Dendritic Cells in Pigmented Basal Cell CarcinomaA Relevant Finding by Reflectance-Mode Confocal Microscopy

Author Affiliations

Author Affiliations: Department of Dermatology, Hospital Clinic Barcelona, Barcelona, Spain.

Arch Dermatol. 2007;143(7):883-886. doi:10.1001/archderm.143.7.883
Abstract

Background  Reflectance-mode confocal microscopy (RCM) is a new approach for the in vivo diagnosis of skin tumors. A few studies of RCM on basal cell carcinoma (BCC) have provided specific diagnostic criteria, but large studies on pigmented basal cell carcinoma are lacking. Proliferation of large dendritic-shaped cells within a melanocytic tumor has been associated with the diagnosis of melanoma by RCM. Benign melanocytes and Langerhans cells may populate BCC according to previous histological studies. We studied 3 consecutive pigmented BCC by means of RCM and performed a histological and immunohistochemical correlation focusing on the presence of dendritic structures.

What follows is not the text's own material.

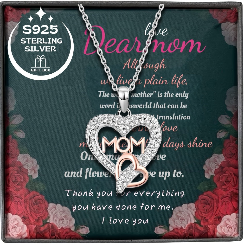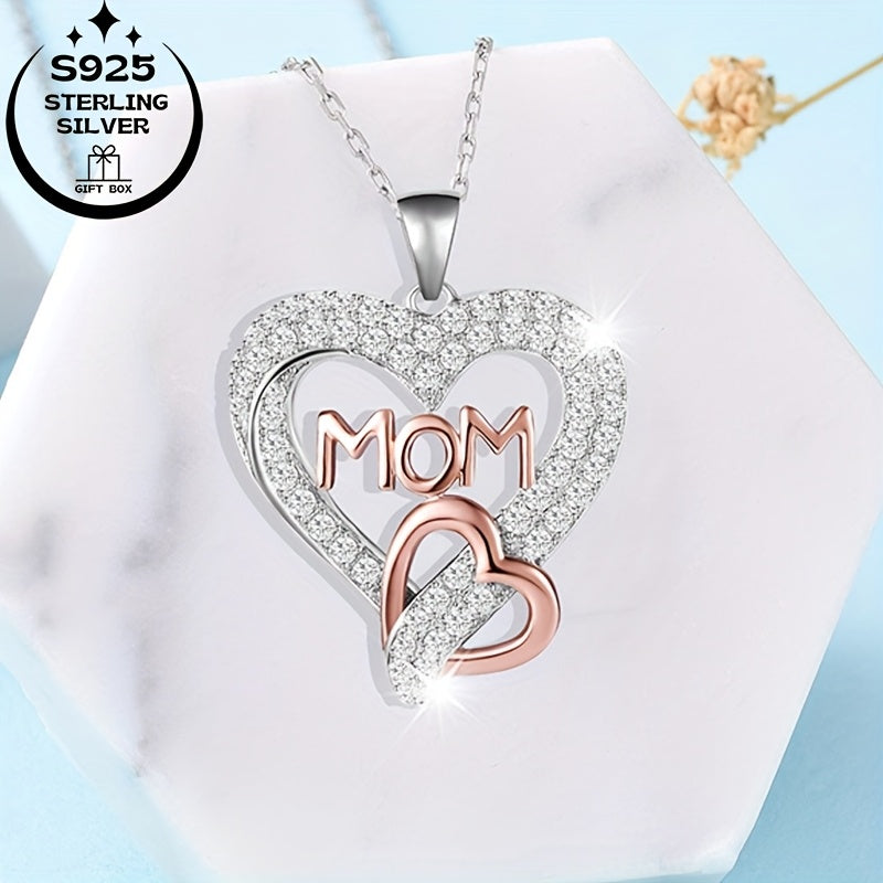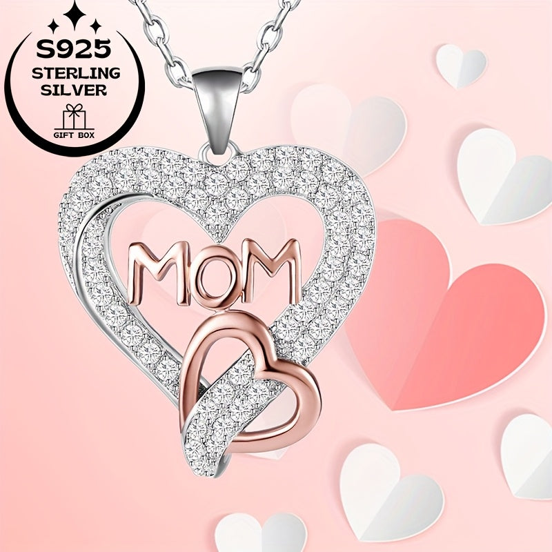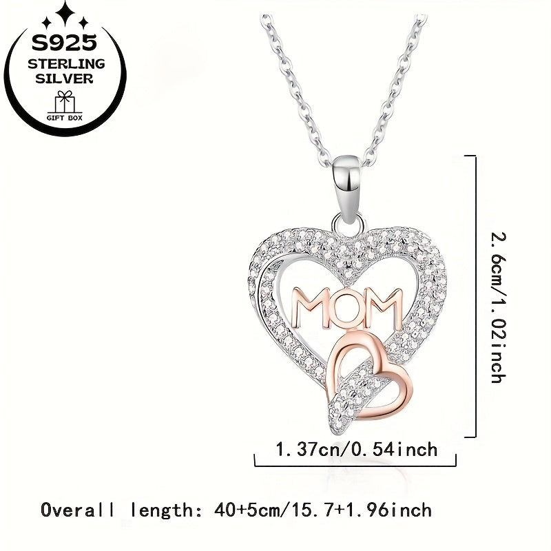 Show your love and appreciation for mom with this exquisite 925 sterling silver heart pendant necklace adorned with sparkling cubic zirconia. Ideal for daily wear, holidays, and special occasions.

Observations  Reflectance-mode confocal microscopy revealed highly refractive dendritic structures within tumor nests that correlated with the presence of melanocytes within the tumor by immunochemical analysis. In 1 case, dendritic structures on the overlying epidermis corresponding to Langerhans cells were also noted. Leaf-like areas observed on dermoscopy correlated with low-refractive cordlike structures and nodules by RCM and corresponded to nests of basaloid cells, whereas blue-gray globules presented as bright oval structures with ill-defined borders corresponding to melanophages.

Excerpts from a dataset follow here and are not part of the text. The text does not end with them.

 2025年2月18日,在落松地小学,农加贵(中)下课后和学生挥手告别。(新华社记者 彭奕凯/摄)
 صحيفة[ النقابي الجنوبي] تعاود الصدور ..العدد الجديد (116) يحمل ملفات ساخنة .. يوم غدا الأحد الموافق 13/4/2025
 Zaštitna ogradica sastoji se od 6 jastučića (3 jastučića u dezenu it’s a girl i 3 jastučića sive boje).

Conclusions  Reflectance-mode confocal microscopy allows the study of pigmented BCC and the identification of specific criteria described previously. In these tumors, dendritic melanocytes can be easily identified with this technique.

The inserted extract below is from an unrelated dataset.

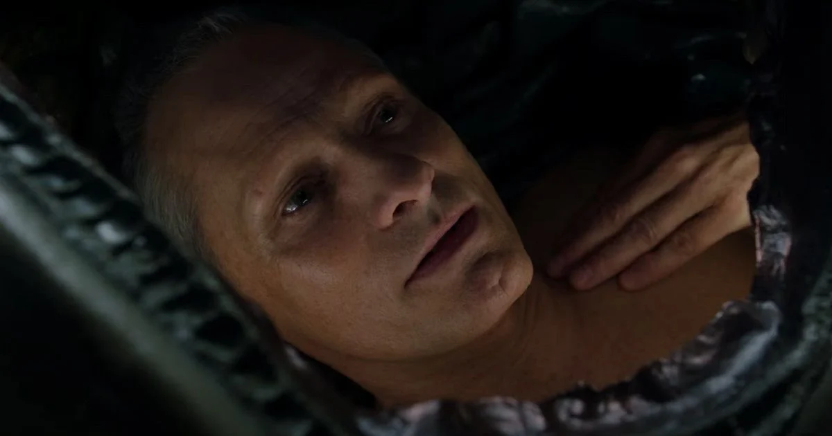 From here we jump to performance artist Saul Tenser (Viggo Mortensen) as he writhes in his OrchiBed. His partner, Caprice (Léa Seydoux), has come to wake him up so they can examine the new organ he is growing. Tenser grows organs, Caprice inserts a needle into him to tattoo them, and then they perform the surgery in public to show off his new organs to masses that are longing to feel anything. Humanity has evolved to a point where pain is a novelty, a relic of the past that they sometimes get to experience, and surgical mutilation has become a new performance art and is seen as an arousing display in a world where sex doesn’t really exist anymore. While the duo has become quite popular they have also been noticed by the latest in government oversight – the National Organ Registry. Two investigators, Wippet (Don McKellar) and Timlin (Kristen Stewart) begin to look into this new practice of organ removal, frightened that Saul’s shows could be the key to the next stage in human evolution and also just…achingly horny about it.

Differential diagnosis between pigmented basal cell carcinoma (BCC) and melanoma can be difficult. Reflectance-mode confocal microscopy (RCM) is useful in the recognition of BCC1 and melanocytic lesions.2 Three pigmented BCC were studied using RCM, dermoscopy, and histopathologic analysis. Emphasis was placed on the analyses of dendritic cells detected by RCM. Reflectance-mode confocal microscopy was performed with a commercially available, near-infrared reflectance confocal laser scanning microscope (Vivascope 1500; Lucid Inc, Henrietta, New York). Histological slides were stained with hematoxylin-eosin, and immunohistochemical studies were performed.

REPORT OF CASES

Patient 1 was a 78-year-old woman with a gray-brown papule on the back. Findings from dermoscopy showed leaflike structures and blue-gray globules suggestive of BCC (Figure 1A). Reflectance-mode confocal microscopy revealed focally elongated and polarized nuclei, multiple solid units of tumor cells forming cordlike structures and nodules surrounded by a dark area, and bright oval structures with ill-defined borders within tumor nests and surrounding them. Long, thin dendritic structures were observed all over the lesion and were located within tumor nests and on the overlying epidermis (Figure 1B). Dilated vessels with rolling phenomena were also noted. Histopathologic analysis confirmed the diagnosis of nodular BCC (Figure 1C). Immunohistochemical studies demonstrated S100 and CD1a+ dendritic cells on the epidermis and S100, MelanA, and HMB45+ within tumoral nests (Figure 1D), indicating the presence of melanocytes within tumoral nests and activated Langerhans cells on the epidermis.

Figure 1.
Nodular pigmented basal cell carcinoma on the back (patient 1). A, Dermoscopic image showing leaflike structures and blue-gray globules. B, Reflectance-mode confocal microscopy image showing solid units of tumor cells forming nodules surrounded by a dark area (yellow arrows). Note the hyperrefractile thin dendrites (black arrows) and bright oval structures within and around tumor islands (red asterisk). C, Tumor nests with basaloid palisading cells in the upper dermis (hematoxylin-eosin, original magnification ×200). D, Positive dendritic melanocytes within the tumor nests (MelanA, original magnification ×400). E, Langerhans cells on the overlying epidermis (CD1a, original magnification ×400).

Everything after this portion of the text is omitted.